Dive Into the Future of GenAI with TBR Analysts Patrick Heffernan, Bozhidar Hristov and Kelly Lesiczka

Beyond revenue generation, cost savings is part of the value proposition for cloud vendors and customers alike

Many of the leading IT vendors’ GenAI strategies have centered on investing in solutions for customers. However, vendors have also been serving as customer zero for the technology by implementing it internally. The results from their early implementations seem very much like end-customer use cases, which focus on cost savings and efficiency as the easiest benefits to realize. While many IT vendors have seen operating expenses and headcount level off over the past couple of quarters, implying that AI has had some impact on company efficiency, IBM and SAP have both explicitly stated AI’s impact on their operating models.

 

IBM was one of the earliest vocal proponents for the labor-saving benefits AI could bring to its business. In mid-2023 CEO Arvind Krishna announced a hiring freeze and shared an expectation that AI would replace 8,000 jobs. IBM remains focused on driving productivity gains, which it is largely doing by lowering the internal cost of IT and rebalancing the global workforce. This includes using AI to automate back-office functions. Such efforts have IBM on track to deliver a minimum of $3 billion in annual run-rate savings by the end of 2024.

 

Meanwhile, SAP’s decision to increase its planned FTE reallocation from a previous target of 8,000 to a new range of between 9,000 and 10,000 FTEs shows the company is committed to improving operating efficiency. While the bulk of the restructuring will consist of reallocating FTEs into lower-cost geographies and strategically important business units, taking a customer-zero approach with GenAI is also a component. SAP is leveraging business AI tools focused on areas like finance & accounting and human resources to reduce the labor intensity within the respective business units.

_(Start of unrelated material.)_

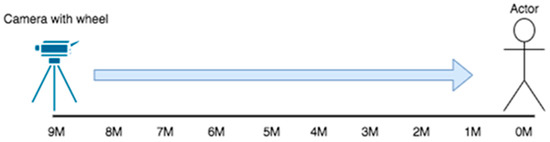 The recording started from 9 m and was slowly moved to 1 m before the person, as shown in Figure 1. Considering the completeness of the sampling data, we expected the manifestation of the persons that stand at the distance from 9 m to 1 m at the equivalent angle and the distance interval within 9 m. Therefore, all the distances are part of the training sample. For sampling quality consideration, the images used as the training sample were recorded at 60 frames per second (FPS60) with a resolution of 1080 pixels per inch (P1080). Therefore, the image data are constructed in Figure 2.

Just like end customers, vendors are investing significantly now in hopes of generating long-term GenAI returns

As seen in TBR’s Cloud Customer Research streams, customers have been investing in GenAI solutions with some haste, forgoing clear ROI measurements or typical budgeting procedures. Customers, as well as the major vendors we cover, have a sense of urgency around GenAI and share the feeling that if they do not embrace these new solutions now, it could place them at a long-term competitive disadvantage. If customers are not making full use of GenAI capabilities, their competitors will be more efficient and productive and capture more growth opportunities. For vendors, the ability to not only deliver GenAI capabilities but also do so at scale will be a competitive necessity for decades to come.

 

In this regard, customers and vendors find themselves in a similar situation, investing in GenAI now just for the possibility of a future advantage, but the scale of investments required are quite different. Customers have the good fortune of leveraging scalable, subscription-based services for many of these GenAI technologies. Customers are still extending their IT budgets and paying more to incorporate GenAI, but they do not have large fixed costs and long-term commitments at this point.

 

Vendors, on the other hand, need to make significant investments, even beyond the already huge levels of investment to support cloud services, to capitalize on the GenAI opportunity. The scale of investment cannot be understated for the largest cloud platform providers like AWS, Microsoft, Google and Oracle. All of these vendors were already investing tens of billions of dollars annually to support data center and infrastructure build-outs.

 

The unique data center and infrastructure requirements to deliver GenAI solutions, including the GPU-based systems, are driving double-digit to triple-digit increases in capex spending for leading vendors. Not only is the level of spending noticeable, the time periods for the returns are also lengthy. In communicating those increased expenses to investors and Wall Street analysts, vendors like Microsoft messaged the returns from these investments playing out over the next 15 years, a time horizon seldom mentioned previously.